Yeah and he'd always said no and well obviously it was this approach which was so different that he saw was not going to be a reductive kind of one note conventional biography film. But they didn't really impose any restrictions. It was really respectful.

Were you scared about doing this on such an iconic figure?

I was. I was humbled and honoured and at one point I said Jeff this is a daunting and an awesome responsibility I feel. I want to do it right. This is the first time Dylan has given the rights to anybody, I want it to really reflect not just his life story but who he is and what he did and Jeff's like 'oh Todd you don't have to worry about that crap, this is your own unique take on Dylan that's all you have to think about'. And again I thought this is just unbelievable what Dylan's manager is telling me.

But Dylan is an artist and respects the creative process.

I felt like that was the woven tapestry on the wall behind Jeff's desk and it was being applied to me as well as his number one client.

Choosing the songs to tell the story, must have been a daunting task?

It was hard because there was so much to choose from and it wasn't necessarily my favourites all the time I would choose. Sometimes it would be the one that would carry the narrative forward the best or that serves a certain narrative function the best or a song like Ballard of a Thin Man that just had such an important historical, almost documentary role in Dylan's life and the zeitgeist of the 60's. And then there were some places where my taste or my idiosyncrasies as one more lover of Dylan's music, I got to pick what I wanted just because I liked it and it would be like a song as unknown as Going to Acapulco from the Basement Tapes which we use in a privileged place in the Richard Gere story, the Billy story. And again its always a total risk because I knew I wanted a cover version of that song because it had to be performed in the film by characters in the film but you never know what its going to sound like.

Did Christian Bale sing his song?

He didn't.

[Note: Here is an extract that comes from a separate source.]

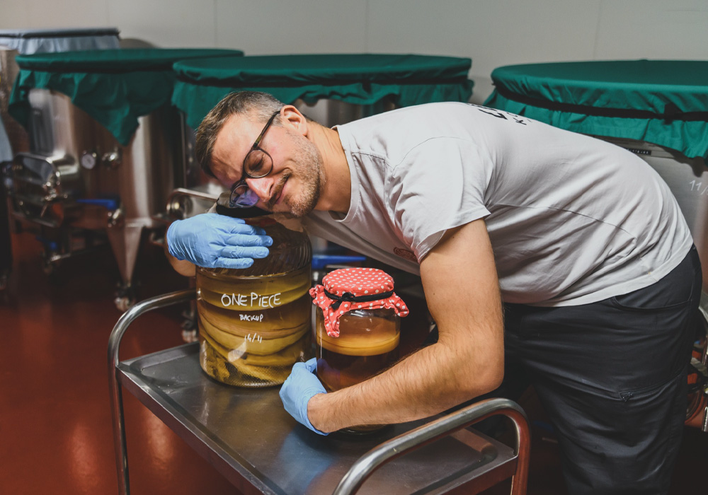 コンブチャの素になるスコビー(種菌)は発酵の良し悪し、味が決まる大事なもの。もともとコンブチャや発酵食品を作っていたエットレさんの宝を大切に繋いでいる醸造担当のスタッフ。

For Christian it was Mason Jennings did the folk performances and John Doe from the Band X who did the great cover of the gospel song which is another lesser known Dylan gospel song and not necessarily among my favourites of his gospel songs that just served a narrative purpose and progression and how the scenes would follow and carry on from there but again they did such a beautiful, transcendent version of the song.

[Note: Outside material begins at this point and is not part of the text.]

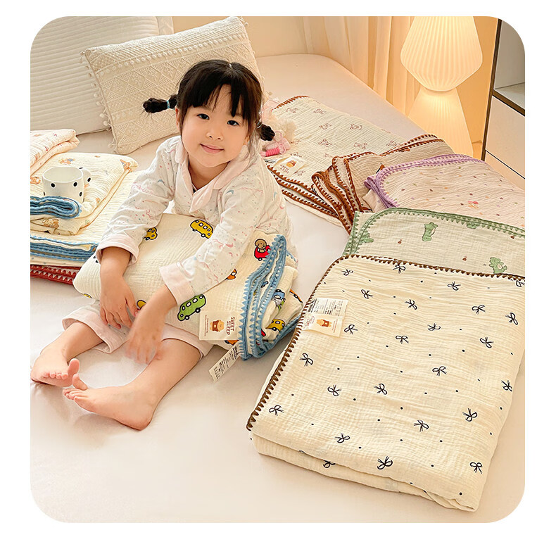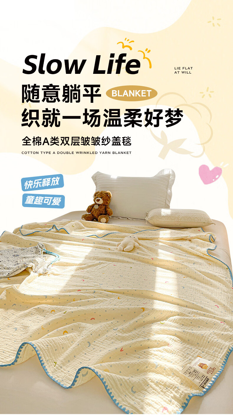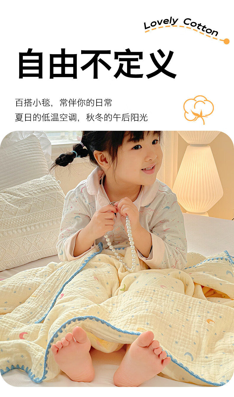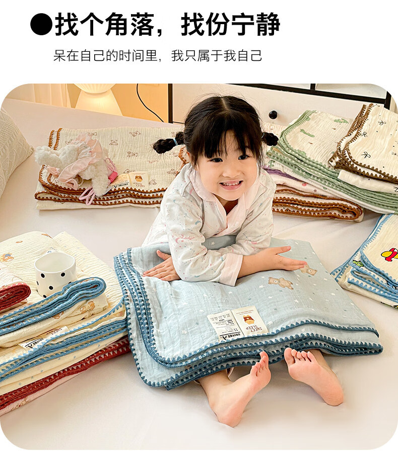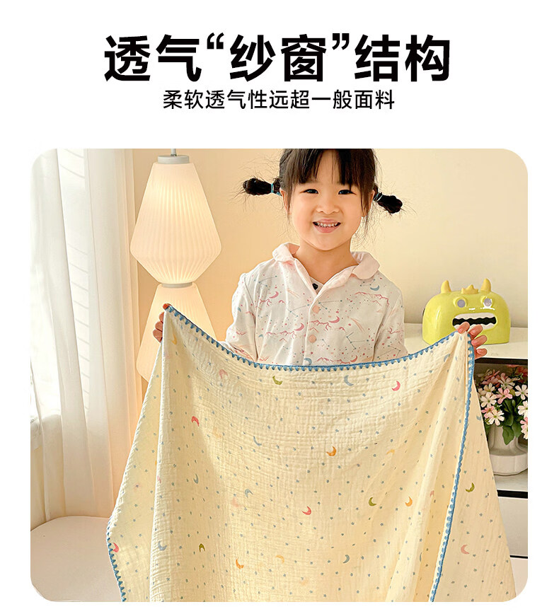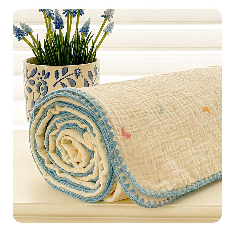 猫人(MiiOW)A类纯棉双层纱毛毯毛巾被子儿童午睡小毯子夏凉被空调被夏季盖毯 半月湾【100%全棉双层纱面料】 80x105cm【儿童午休毯】

So Cate Blanchett didn't sing because it sounded like a female voice?

It was Malcomas. Steve Malcomas's voice doing her and they're both lean tall people and I think it suited her frame. The only lead actor of ours who sings is Marcus who plays Woody. He didn't play the guitar but he has the voice of an angel, he's an amazing creative talent that boy.

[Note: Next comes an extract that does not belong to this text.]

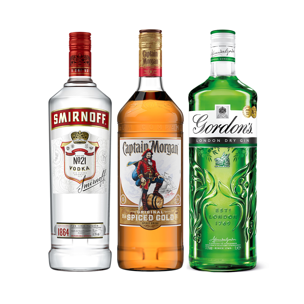 Smirnoff Red / Captain Morgan Spiced Rum / Gordon’s Gin

Was that ever a creative decision early on to find actors who could sing?

No. It was enough to have them do what their characters required. I made it an option for all the actors whose characters sing in the film to try it and I wanted Cate to go into the studio and try singing but she was like 'forget it I'm not even going to think about doing it'. She was already working on getting piano instructions and guitar instructions and dialogue and she prepares as all really great actors do as early as possible. Most of them had voice coaches.

Why do you think Dylan's album was number one last year?

I think it's a building of a momentum from his last two releases which were critically supportive and his radio show and his beautiful book and also the fact that the New York Times should have a section called Arts, Leisure and Dylan because they cover him so closely as they should do. I think it's a critical mass of attention. Also, Dylan is still with us. He's still around making vital records today how cool is that? You kind of forget whose still here who isn't and I think all of that contributes to a great receptivity for his work right now.